Raw data →
____________
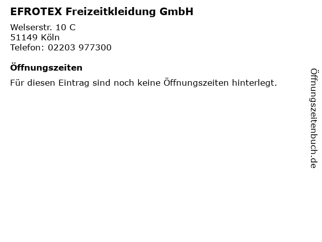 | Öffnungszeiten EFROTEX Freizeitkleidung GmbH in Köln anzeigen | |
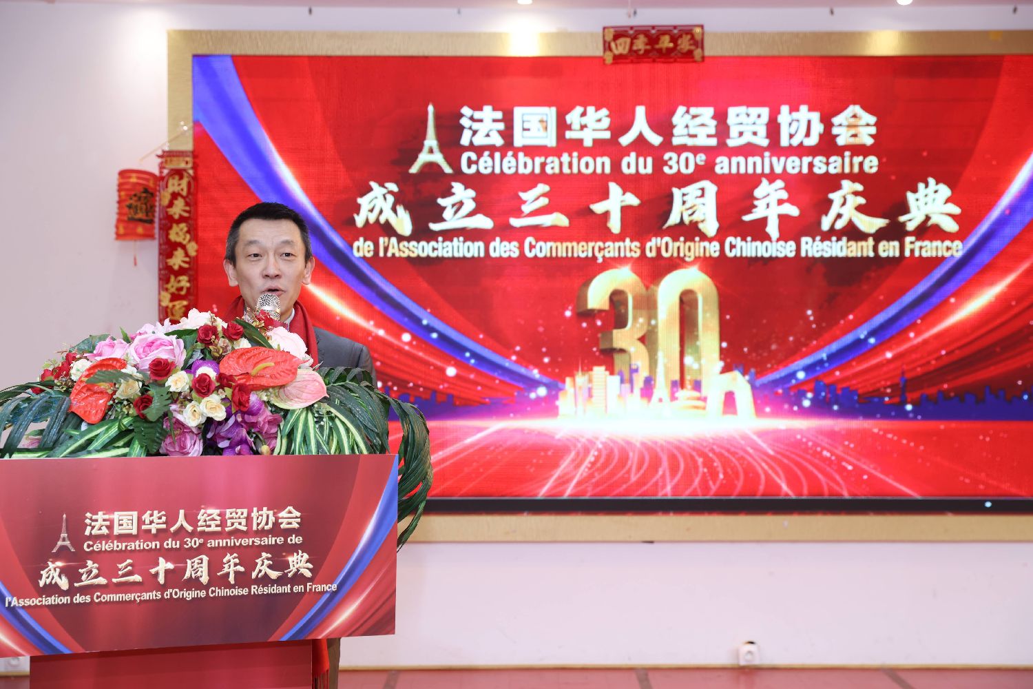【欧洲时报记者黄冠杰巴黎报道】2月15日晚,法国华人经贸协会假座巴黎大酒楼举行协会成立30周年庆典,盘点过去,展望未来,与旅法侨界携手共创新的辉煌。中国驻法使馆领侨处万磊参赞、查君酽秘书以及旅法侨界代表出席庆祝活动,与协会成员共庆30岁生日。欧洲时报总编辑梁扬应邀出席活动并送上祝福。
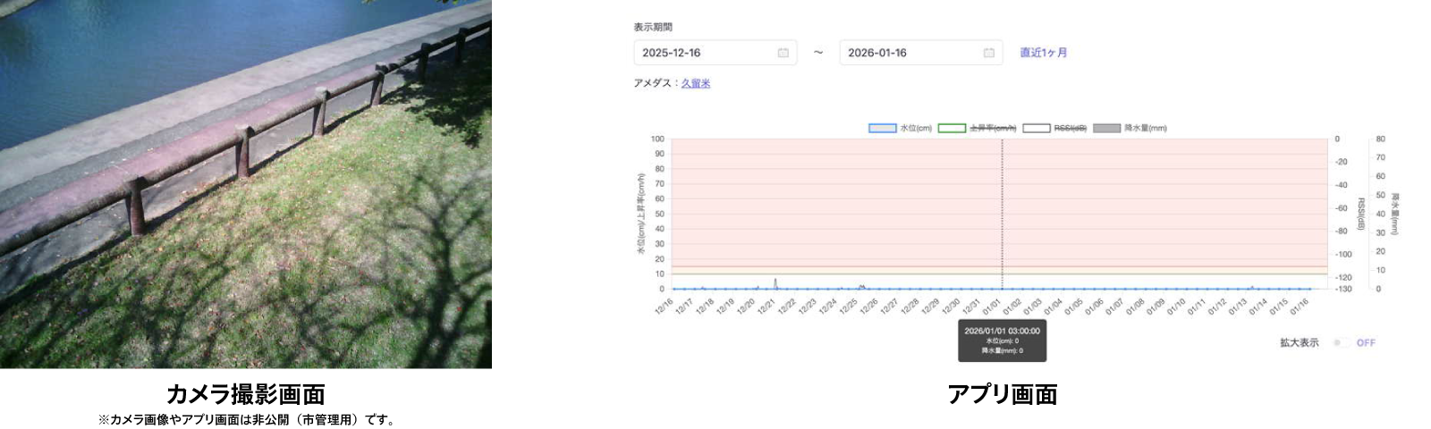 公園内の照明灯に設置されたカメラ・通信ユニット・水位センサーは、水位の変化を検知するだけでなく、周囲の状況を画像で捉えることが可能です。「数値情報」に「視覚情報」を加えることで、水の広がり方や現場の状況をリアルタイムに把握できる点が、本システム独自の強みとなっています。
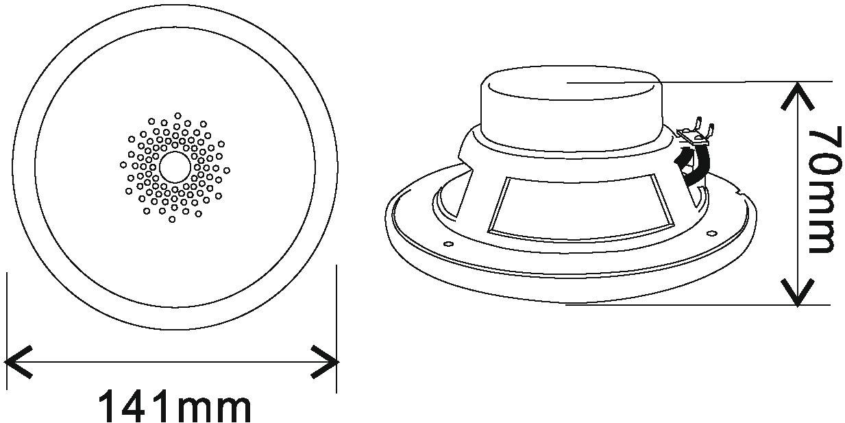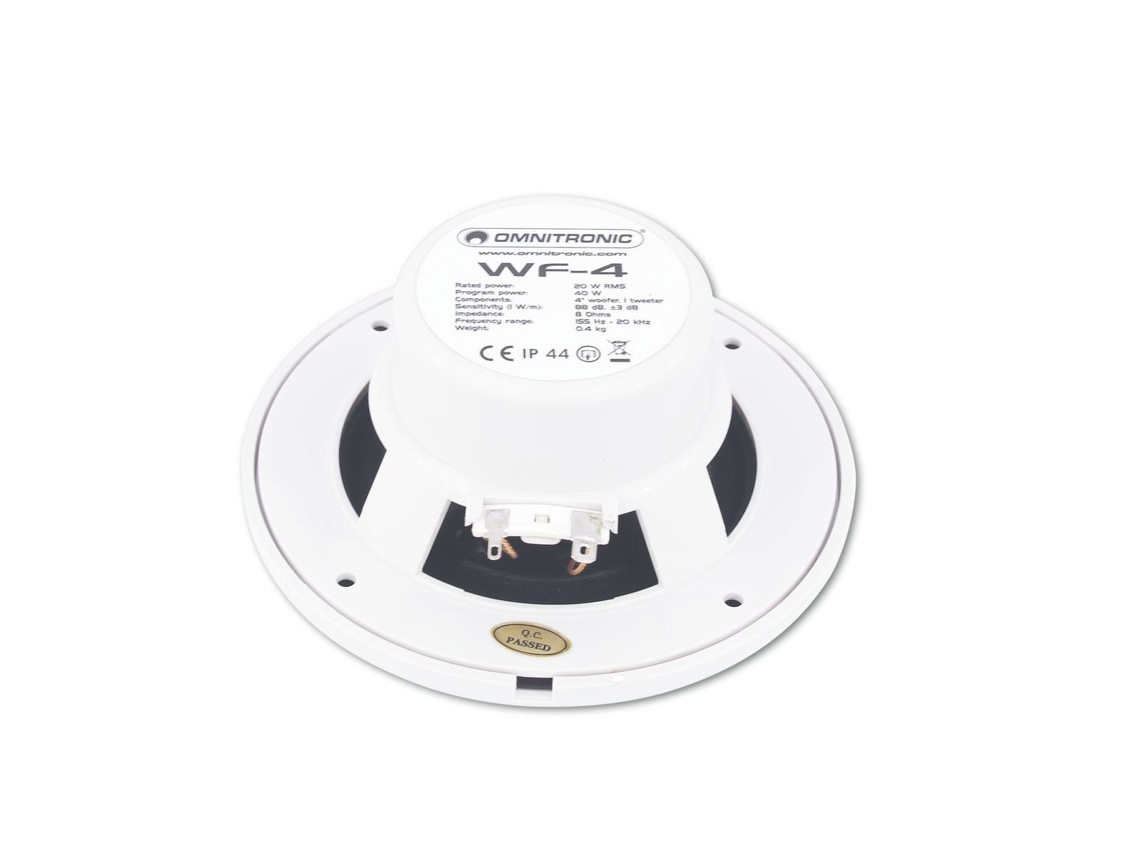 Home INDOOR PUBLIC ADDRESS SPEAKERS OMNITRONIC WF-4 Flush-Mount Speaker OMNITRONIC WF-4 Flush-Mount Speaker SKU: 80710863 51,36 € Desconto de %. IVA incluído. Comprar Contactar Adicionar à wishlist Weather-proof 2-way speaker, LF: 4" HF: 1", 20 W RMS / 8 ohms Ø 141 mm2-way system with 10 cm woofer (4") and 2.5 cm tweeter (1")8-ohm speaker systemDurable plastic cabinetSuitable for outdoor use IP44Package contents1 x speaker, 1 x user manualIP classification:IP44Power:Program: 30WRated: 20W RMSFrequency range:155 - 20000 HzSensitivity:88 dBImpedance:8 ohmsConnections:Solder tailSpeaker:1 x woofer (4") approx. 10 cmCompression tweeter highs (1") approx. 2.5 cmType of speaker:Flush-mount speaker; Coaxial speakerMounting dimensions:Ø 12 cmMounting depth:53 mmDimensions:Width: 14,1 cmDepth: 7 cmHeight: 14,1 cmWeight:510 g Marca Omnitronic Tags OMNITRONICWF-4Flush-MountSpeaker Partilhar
____________
What to work on → Give back each line above exactly, with pictures dropped.

Reply →
 | Öffnungszeiten EFROTEX Freizeitkleidung GmbH in Köln anzeigen | |
【欧洲时报记者黄冠杰巴黎报道】2月15日晚,法国华人经贸协会假座巴黎大酒楼举行协会成立30周年庆典,盘点过去,展望未来,与旅法侨界携手共创新的辉煌。中国驻法使馆领侨处万磊参赞、查君酽秘书以及旅法侨界代表出席庆祝活动,与协会成员共庆30岁生日。欧洲时报总编辑梁扬应邀出席活动并送上祝福。
 公園内の照明灯に設置されたカメラ・通信ユニット・水位センサーは、水位の変化を検知するだけでなく、周囲の状況を画像で捉えることが可能です。「数値情報」に「視覚情報」を加えることで、水の広がり方や現場の状況をリアルタイムに把握できる点が、本システム独自の強みとなっています。
 Home INDOOR PUBLIC ADDRESS SPEAKERS OMNITRONIC WF-4 Flush-Mount Speaker OMNITRONIC WF-4 Flush-Mount Speaker SKU: 80710863 51,36 € Desconto de %. IVA incluído. Comprar Contactar Adicionar à wishlist Weather-proof 2-way speaker, LF: 4" HF: 1", 20 W RMS / 8 ohms Ø 141 mm2-way system with 10 cm woofer (4") and 2.5 cm tweeter (1")8-ohm speaker systemDurable plastic cabinetSuitable for outdoor use IP44Package contents1 x speaker, 1 x user manualIP classification:IP44Power:Program: 30WRated: 20W RMSFrequency range:155 - 20000 HzSensitivity:88 dBImpedance:8 ohmsConnections:Solder tailSpeaker:1 x woofer (4") approx. 10 cmCompression tweeter highs (1") approx. 2.5 cmType of speaker:Flush-mount speaker; Coaxial speakerMounting dimensions:Ø 12 cmMounting depth:53 mmDimensions:Width: 14,1 cmDepth: 7 cmHeight: 14,1 cmWeight:510 g Marca Omnitronic Tags OMNITRONICWF-4Flush-MountSpeaker Partilhar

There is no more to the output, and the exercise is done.